The task of getting past him was arduous. I got halfway out the door and so did he, pushing his way into the hall. It took all my upper body strength to shove him back inside. I managed to get the door closed, but heard him woofing.
That was one unhappy dog.
Opening the door to the office across the hall, I was smacked in the face by two things: the stench, which was much worse than I’d thought, and the heat. The stench was so strong, it coated my throat. The heat was so high, I started to sweat.
The room smelled like a cross between rotten meat and bodily fluids.
Death in a hothouse.
What I wanted to know was whose.
My heart started to pound. I’d put on gloves that morning with the colder temps, and it crossed my mind to leave them on. I felt around on the wall for the switch, flooding the room with light. The office had been broken up into smaller rooms with temporary walls; they were composed of flimsy metal frames covered in padded fabric for soundproofing.
Sweat trickled down between my shoulder blades, but I wasn’t taking my coat off now. If some awful crime had taken place here, I didn’t want to shed DNA in the form of hair or skin cells. I could get in enough trouble just walking through the door.
I stepped farther into the room and looked around, coming face to face with a corpse.
My heart leapt a bit when I realized it wasn’t Dakota. Then the reality set in. It was still a life cut short.
The man was dead. No doubt about it. Deader than a doornail—an expression I’ve never really understood, because a doornail isn’t alive to begin with. But dead he was, nonetheless. And, considering the smell and his skin tone, probably for a few days. I wasn’t squeamish by nature, but I could have gone my entire life without seeing a corpse covered in blowflies. It was one thing to be aware we all return to this earth, another to see the evidence up close.

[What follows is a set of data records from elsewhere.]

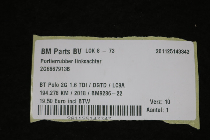 Portierrubber linksachter VW Polo 2G
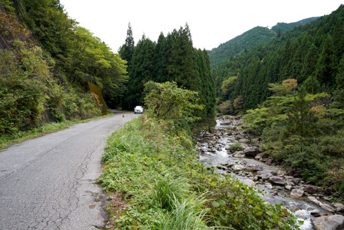 南東方向に川沿い道で上流へと遡り、
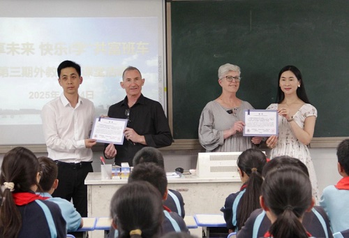 阜溪街道党工委书记郑滔和湖州求是教育集团副董事长、民盟德清支部副主委沈春燕分别授予外教老师Tracee和David支教证书。

The hole in his forehead, which seemed to point to how he ended up in his current state of deadness, would most likely turn out to be a gunshot wound, not a third eye. But I’d leave it to the medical examiner to poke around in his skull and verify the breach had been made by a bullet, rather than just an explosive chakra.
A quick look around eliminated suicide, in my opinion. There was no gun in sight and the wound was free of stippling or marks of contact from a weapon. People don’t shoot themselves between the eyes. Even if they have arms that are long enough, it’s just too awkward.